Exercise prompt: The output must match the lines from the first line of the listing below through the line holding "New Arrivals Sexy" exactly and must contain no pictures.
◇ ◇ ◇
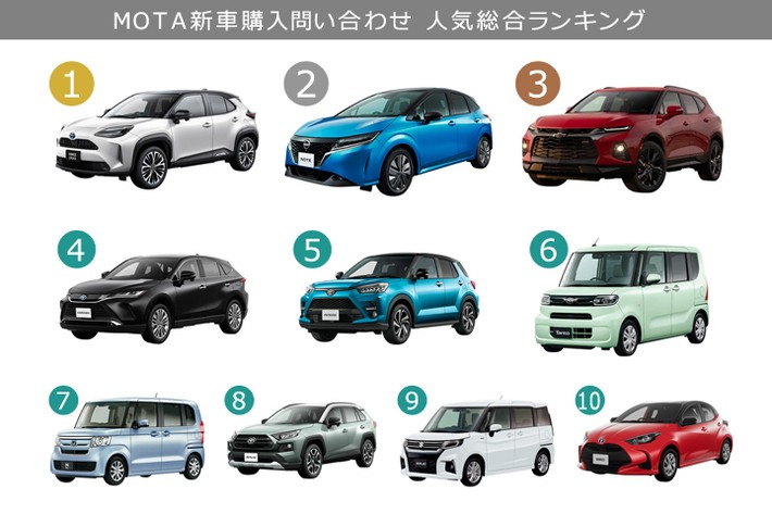 いま新車見積もりが多い車種はどれ? MOTA新車購入問い合わせ人気ランキング【2020年12月版】
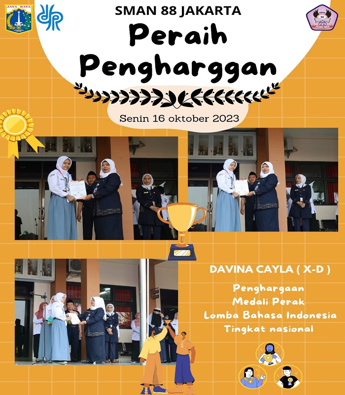 Selamat dan sukses kepada peserta didik SMAN 88 Jakarta yang telah mendapatkan penghargaan dan mengharumkan nama baik SMAN 88 Jakarta
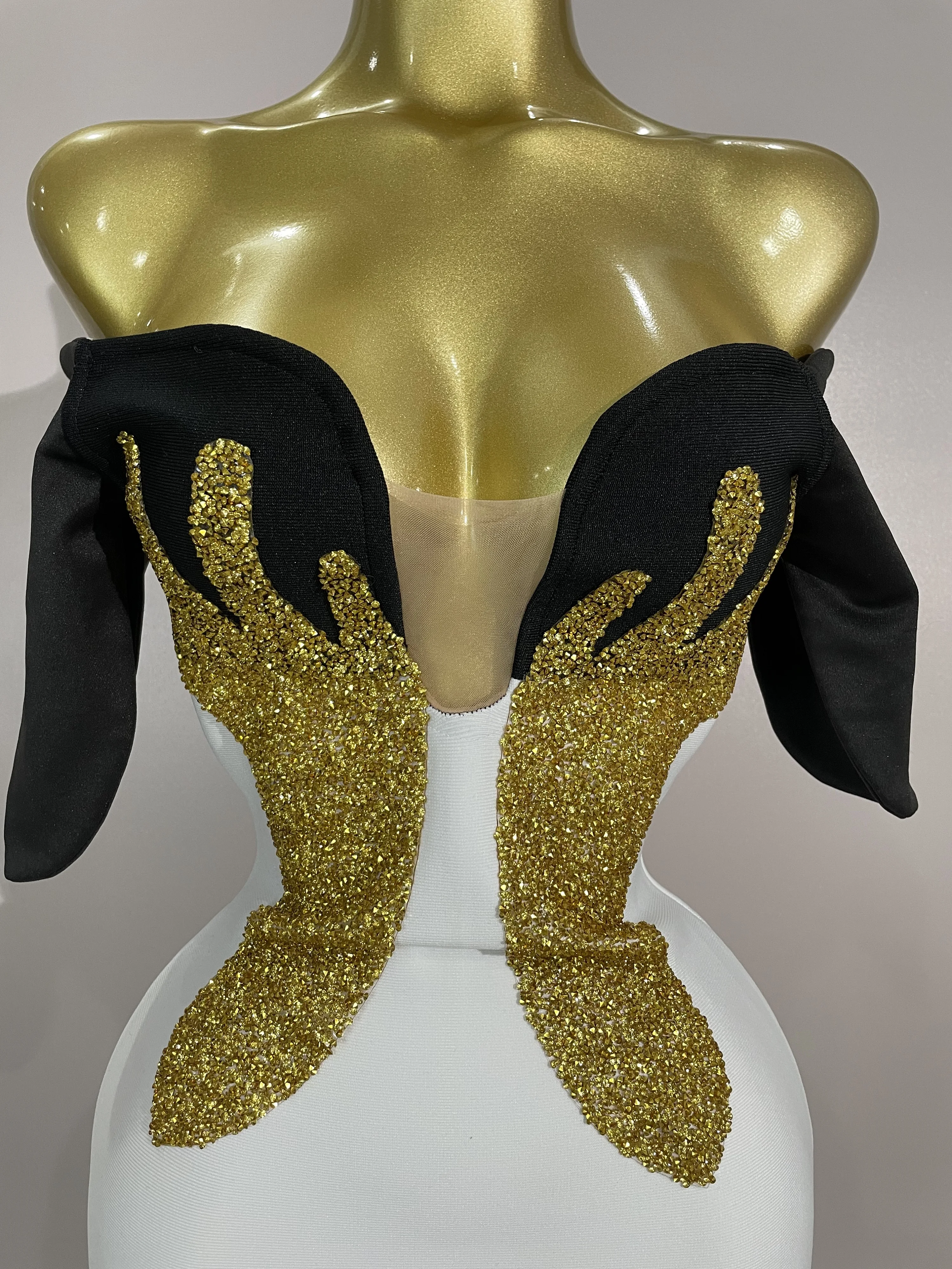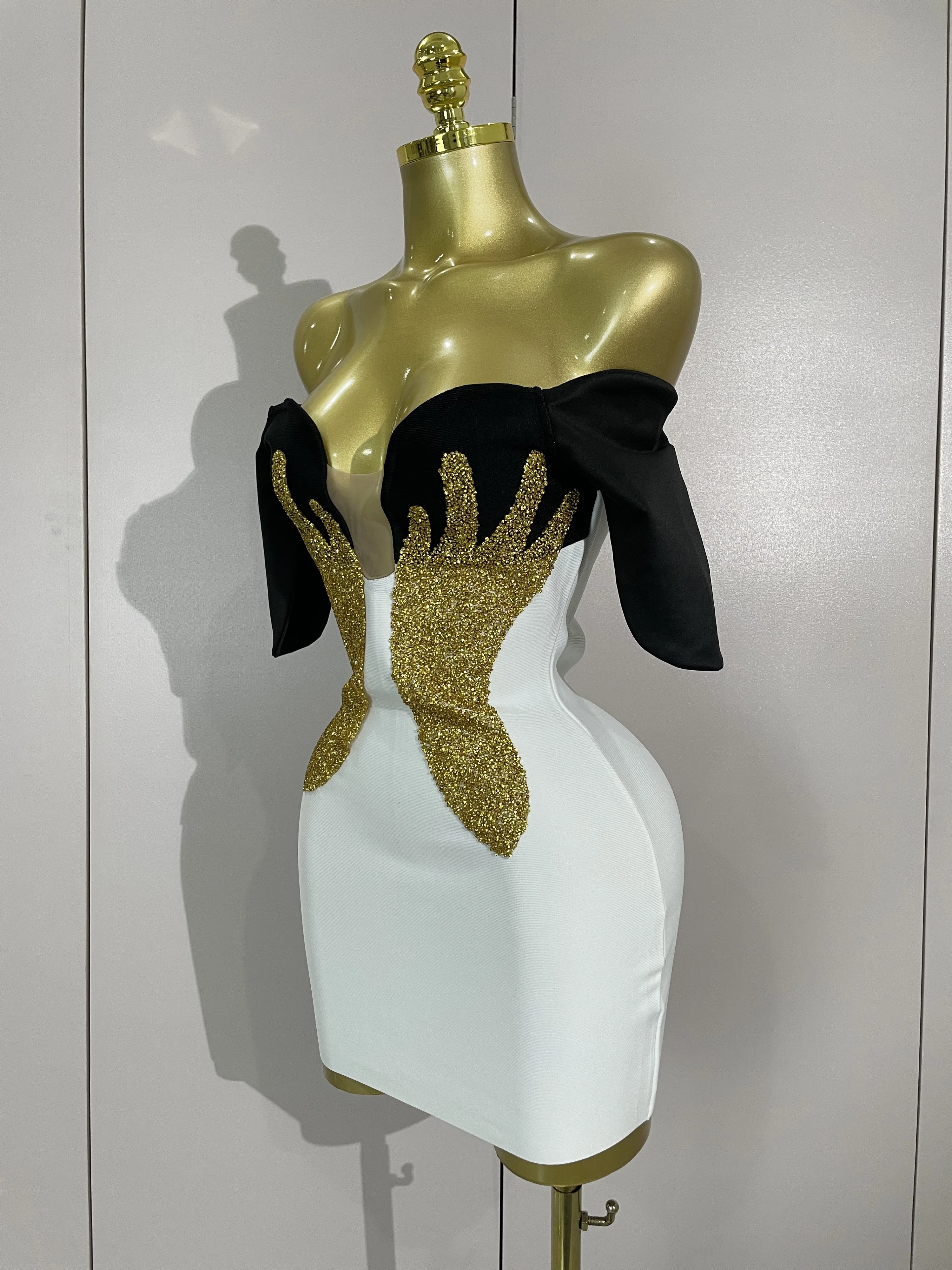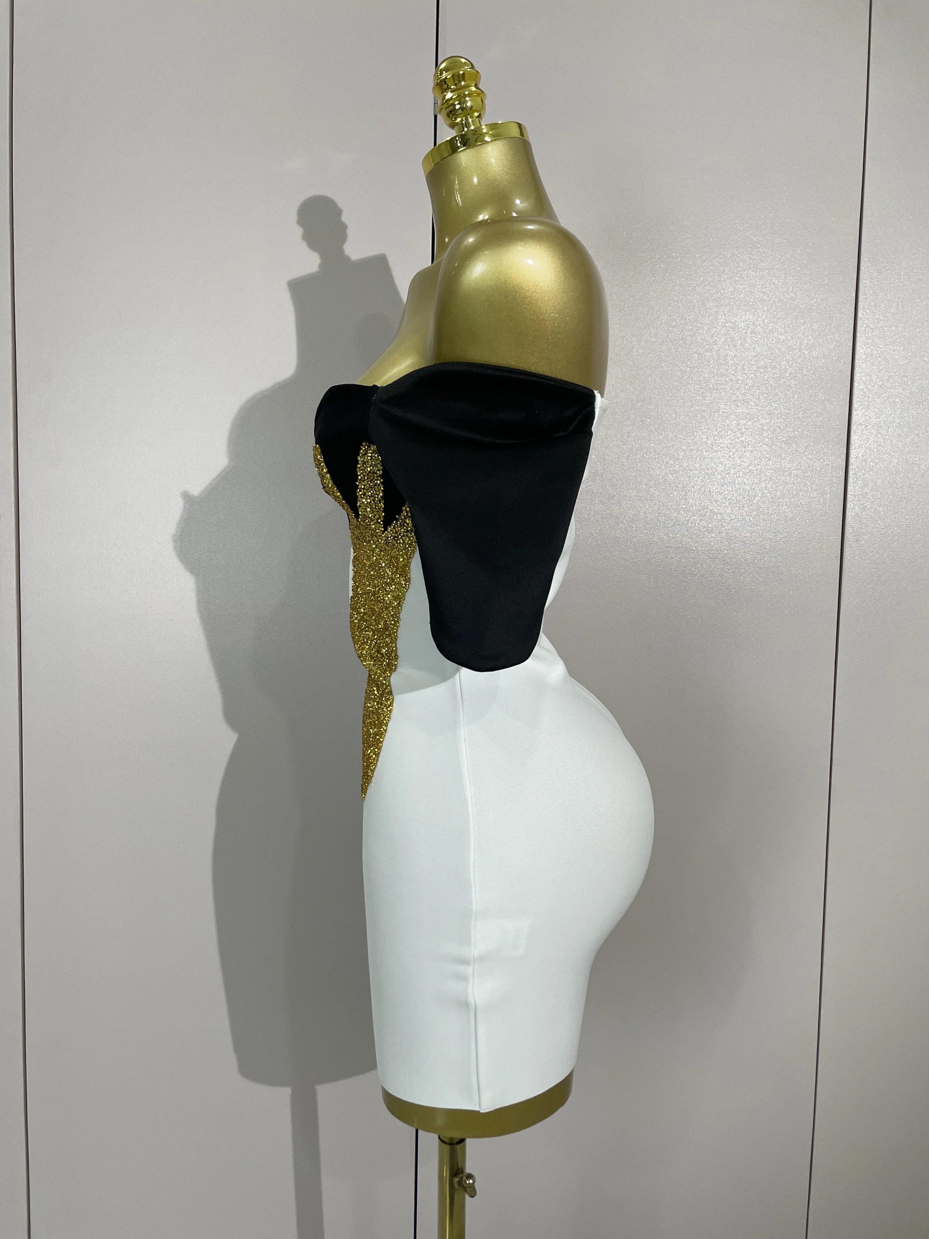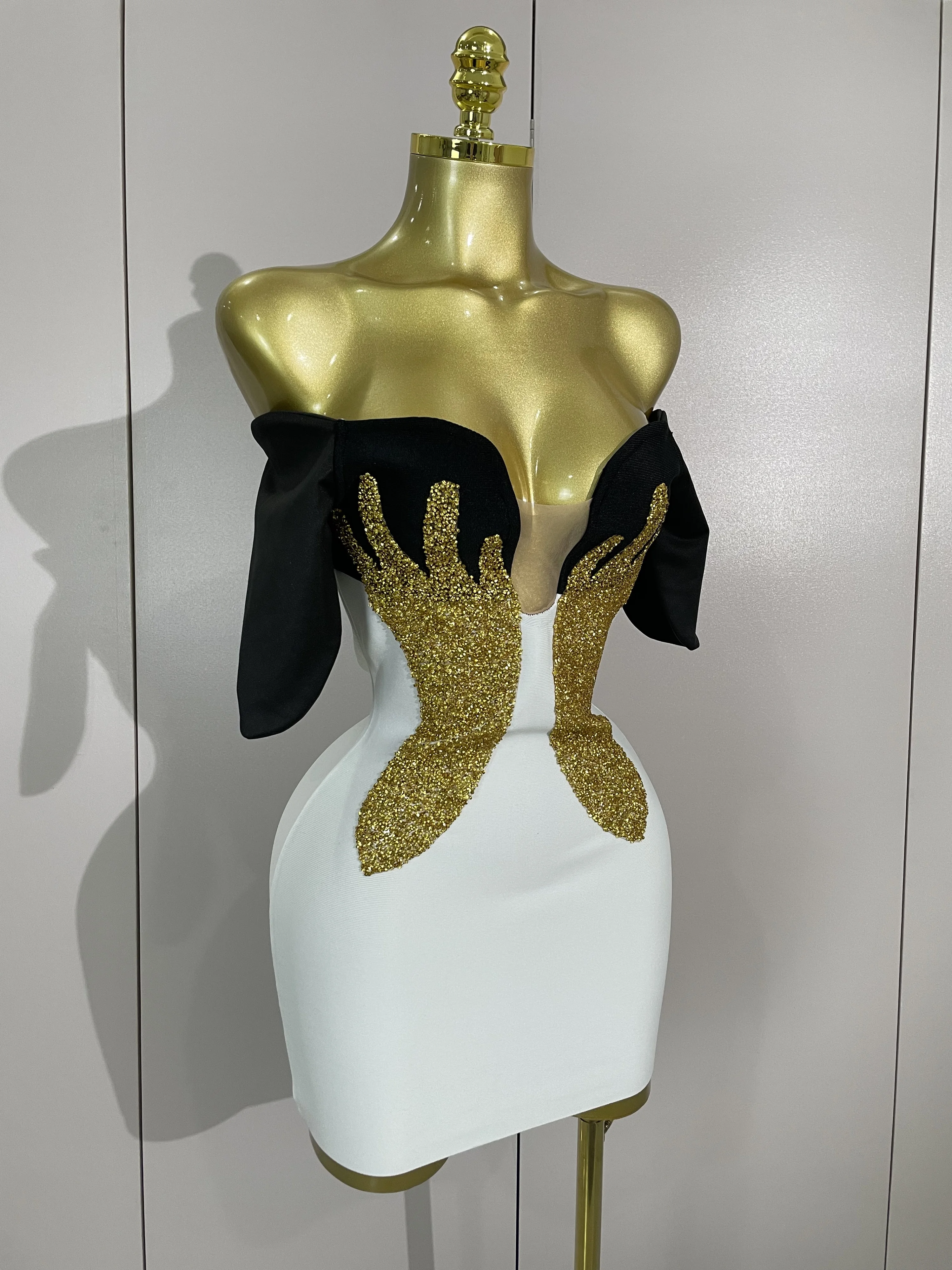 New Arrivals Sexy Shiny Golden Fine Diamonds White Bandage Mini Dress Women Celebrate Evening Prom Birthday Party Cocktail Dress
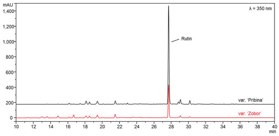The content of total phenols, flavonoids and rutin were higher in the leaf extract of the ‘Pribina’ variety compared to the extract of the ‘Zobor’ variety. In all cases, the differences were highly statistically significant (Table 2). Determination of rutin was provided by the HPLC-DAD and is presented in the chromatogram (Figure 1).
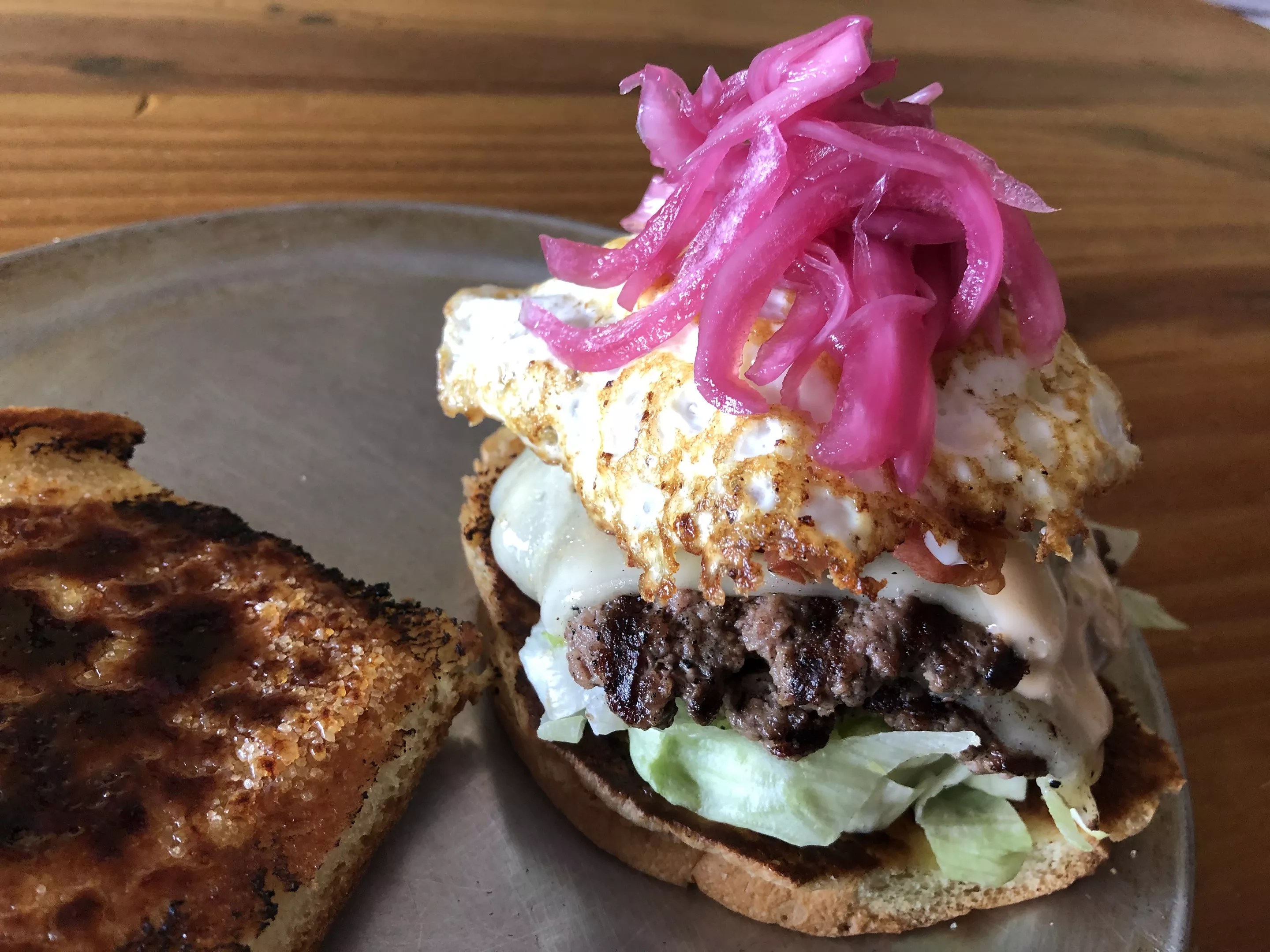 The famous Brulee Burger at Paradise Valley Burger Co. is topped with bacon, egg, havarti cheese, pickled onions, and Thousand Island dressing and served on a burnt sugar bun.
◇ ◇ ◇
Solution to this task:
 いま新車見積もりが多い車種はどれ? MOTA新車購入問い合わせ人気ランキング【2020年12月版】
 Selamat dan sukses kepada peserta didik SMAN 88 Jakarta yang telah mendapatkan penghargaan dan mengharumkan nama baik SMAN 88 Jakarta
 New Arrivals Sexy Shiny Golden Fine Diamonds White Bandage Mini Dress Women Celebrate Evening Prom Birthday Party Cocktail Dress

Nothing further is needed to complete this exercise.